Cable cars offered several advantages over horse-drawn streetcars. They were clean and quiet; since their motive power came from a remotely located engine, the only noise they emitted was the high-pitched ring of the cable moving through its conduit. Horses tended to foul the streets and were spooked easily. More importantly from a development perspective, cable cars could scale the steep slopes of Bunker Hill and other hilly terrain that had previously boxed in the city's growth. Horses struggled to pull streetcars from a complete stop even on slight grades.

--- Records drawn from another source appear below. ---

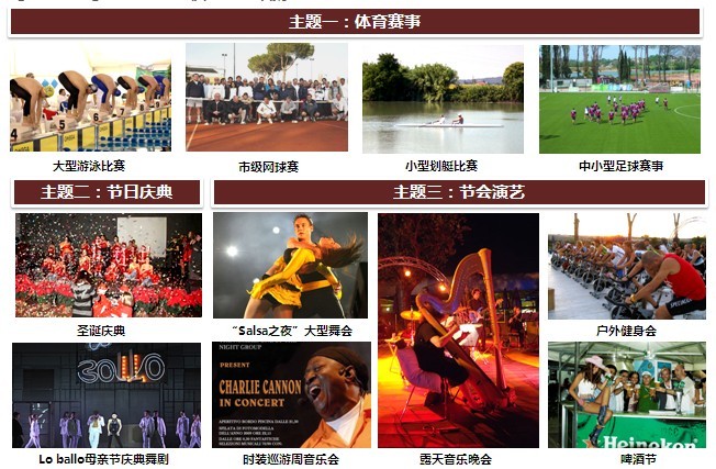 ①主题一:体育赛事;包括:大型游泳比赛、市级网球赛、小型划艇比赛、中小型足球赛事。
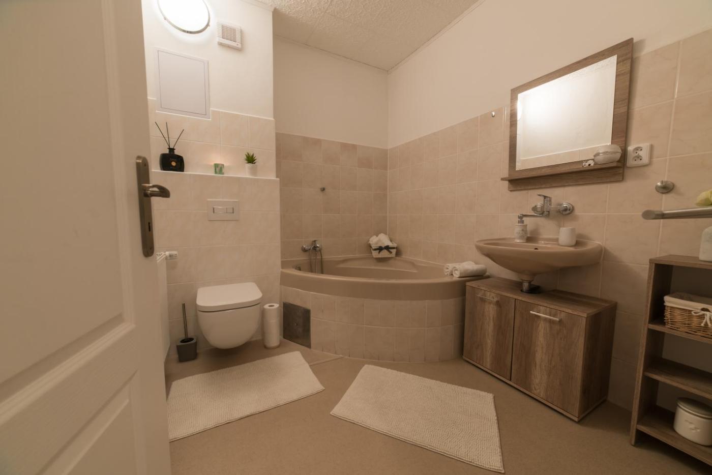 Two-Bedroom Apartment. The spacious apartment features 2 bedrooms and 1 bathroom with a bath and free toiletries. Meals can be prepared in the kitchen, which is equipped with a stovetop, a refrigerator, a dishwasher and kitchenware. A seating area with a flat-screen TV, a tea and coffee maker and an outdoor dining area are provided in this apartment. The unit offers 6 beds.
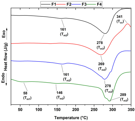 | Tg (°C) | Tm1 (°C) | Tm2 (°C) | Tm3 (°C) | Tcc (°C) | |
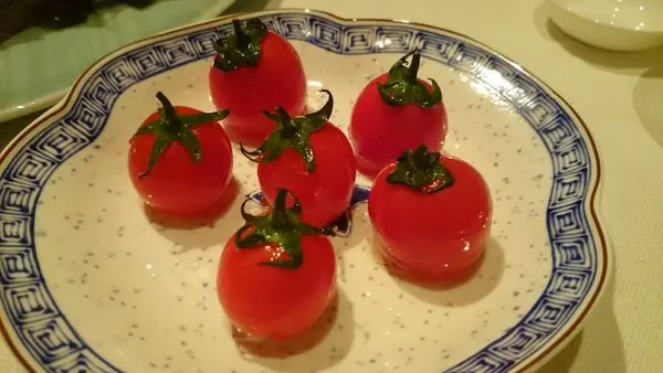 這道菜挺有趣,小番茄外表裹著一層玻璃糖衣,裡面則是鑲著以美乃滋調味的酥炸油條。
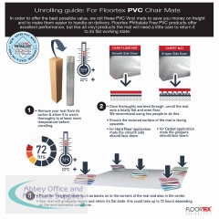 Floortex's Advantagemat's help make your desk work space more ergonomic, by taking strain off of your legs and back, this is done by providing an easy-glide surface. The key reason chair users purchase floor mats is to protect a small or large area of flooring from indentations and scuffs caused by rolling office chairs, along with dirt and spills, therefore extending the life of your surface.
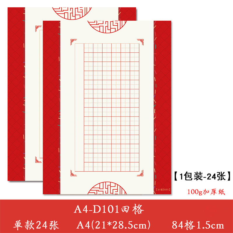 赤い中国風テーマスタイル作品紙硬筆84格書道紙a4田字格試合専用紙d101
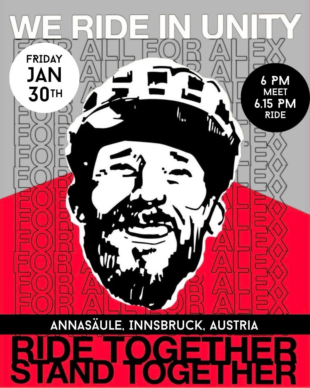 Alex was a passionate cyclist. It is with this in mind that we are meeting this Friday, January 30th, at 6 PM at Annasäule. We ride in solidarity and to take a stand against fascism.
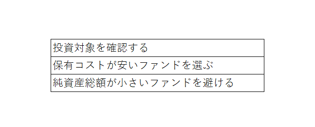 インデックスファンドを選ぶ際は、以下の3つのポイントに注意しましょう。
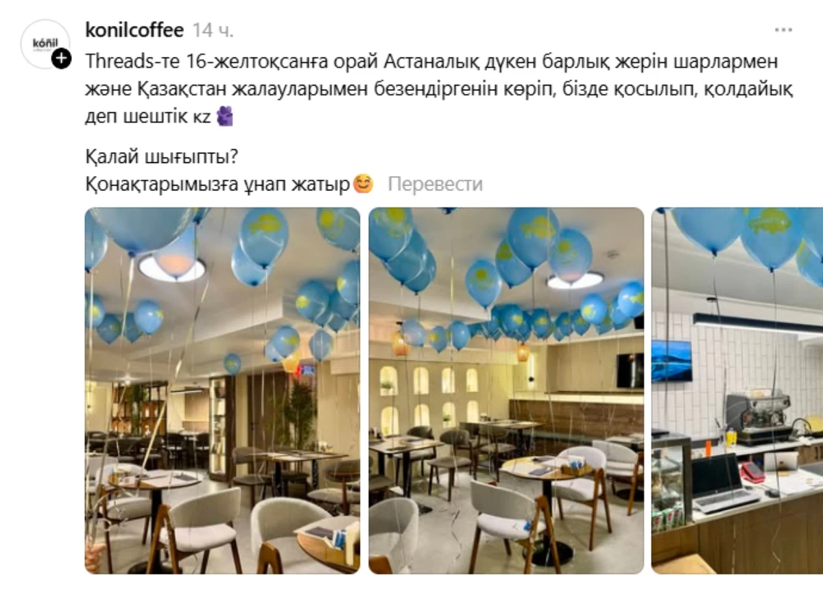 “Threads-те 16-желтоқсанға орай Астаналық дүкен барлық жерін шармен және Қазақстан жалауларымен безендіргенін көріп, біз де қосылып, қолдайық деп шештік. Қонақтарымызға ұнап жатыр”, – деп жазды кафе әкімшілігі.
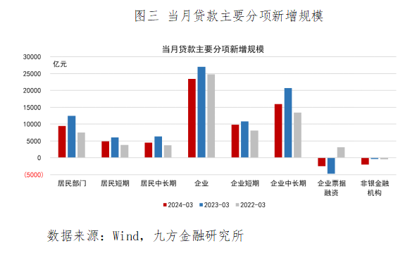 再次,主要贷款分项均较去年同期少增,仅企业票据融资同比多增。3月新增贷款规模为3.09万亿,同比少增8000亿,无论是居民短期、中长期贷款还是企业短期、中长期贷款同比少增均超1000亿,仅企业票据融资同比好转,但这也并不是一个较好的信号。其中,企业中长期贷款同比少增4700亿,或表明当前企业融资扩产意愿偏低。而居民中长期贷款同比同样少增超1800亿,或说明今年地产“小阳春”表现并不理想。
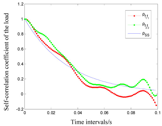 By adopting the interval process model, the random characteristics of the distributed random dynamic load can be approximately characterized by its radius function and its correlation coefficient function. The radius function reflects the fluctuation range of the load, and the correlation coefficients reveal the correlation of the load values at different time points. As the covariance matrix of the load contains the information of both (see Equation (5)), the identification of the random characteristics of the excitation load is thus converted into the identification of its covariance matrix, and then to acquire its radius function and the correlation coefficient function.

It's no surprise, then, that the driving force behind L.A.'s first cable railways were real estate speculators invested in hilly land. Hilltop subdivisions could be the city's most profitable, but only if prospective residents could rely on easy transportation between their houses and the city center below.

After purchasing a large tract of land west of Bunker Hill, the Los Angeles Improvement Company financed construction of the Second Street Cable Railway as a means of promoting its Crown Hill subdivision. To build the railways, workers extended Second Street beyond Hill Street, where it had previously come to end at a the foot of a steep cliff. Deep cuts through the rolling hills helped moderate the slope, but the line still boasted the steepest stretch of cable car railway in the nation.

Starting at Spring Street, the line ran west to Crown Hill, located near the present-day intersection of Second and Glendale. To move some 1,400 lots, the Los Angeles Improvement Company advertised "Pure Air - No Fogs - Cheap Lots in the Western Addition of the Cable Road." Mechanical problems plagued the line, though, and it closed for good after an 1889 storm buried part of the railway in twenty feet of mud.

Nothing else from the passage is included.